To do
Do not include the pictures; repeat the rest of the data exactly.

Data provided

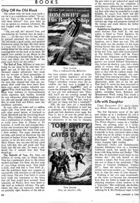 Spent all of one summer vacation (abt 1957) as a youngster deeply immersed in Tom Swift Jr. books. Can't remember how many I read but it was a lot. My parents were worried about me. I wasn't playing with friends. I didn't care.I had space friends and other more interesting adventures with Tom and even his Dad. This article really brings back memories.
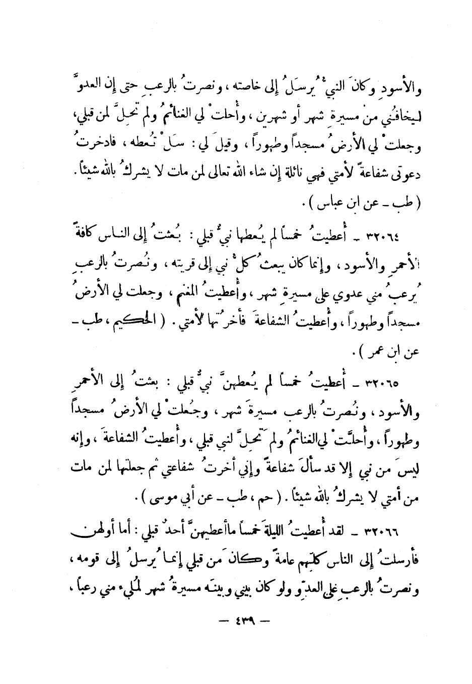32066- لقد أعطيت الليلة خمسا ما أعطيهن أحد قبلي: أما أولهن فأرسلت إلى الناس عامة وكان من قبلي إنما يرسل إلى قومه، ونصرت بالرعب على العدو ولو كان بيني وبينه مسيرة شهر لملئ مني رعبا،
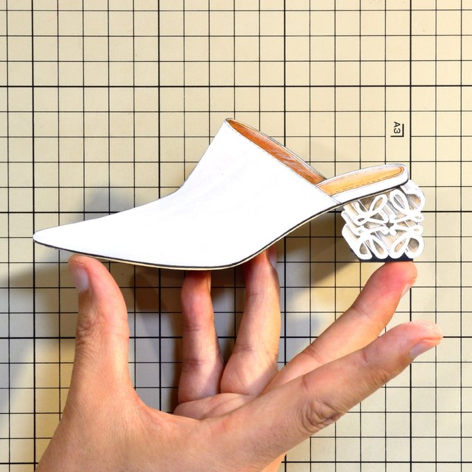 【今日の靴】02065足目 “LOEWE” Anagram Heel 60 Leather Mules #LOEWE #jonathananderson #illustration #copic #copicmarkers #切り絵 #イラスト #コピック

Answer box
 Spent all of one summer vacation (abt 1957) as a youngster deeply immersed in Tom Swift Jr. books. Can't remember how many I read but it was a lot. My parents were worried about me. I wasn't playing with friends. I didn't care.I had space friends and other more interesting adventures with Tom and even his Dad. This article really brings back memories.
32066- لقد أعطيت الليلة خمسا ما أعطيهن أحد قبلي: أما أولهن فأرسلت إلى الناس عامة وكان من قبلي إنما يرسل إلى قومه، ونصرت بالرعب على العدو ولو كان بيني وبينه مسيرة شهر لملئ مني رعبا،
 【今日の靴】02065足目 “LOEWE” Anagram Heel 60 Leather Mules #LOEWE #jonathananderson #illustration #copic #copicmarkers #切り絵 #イラスト #コピック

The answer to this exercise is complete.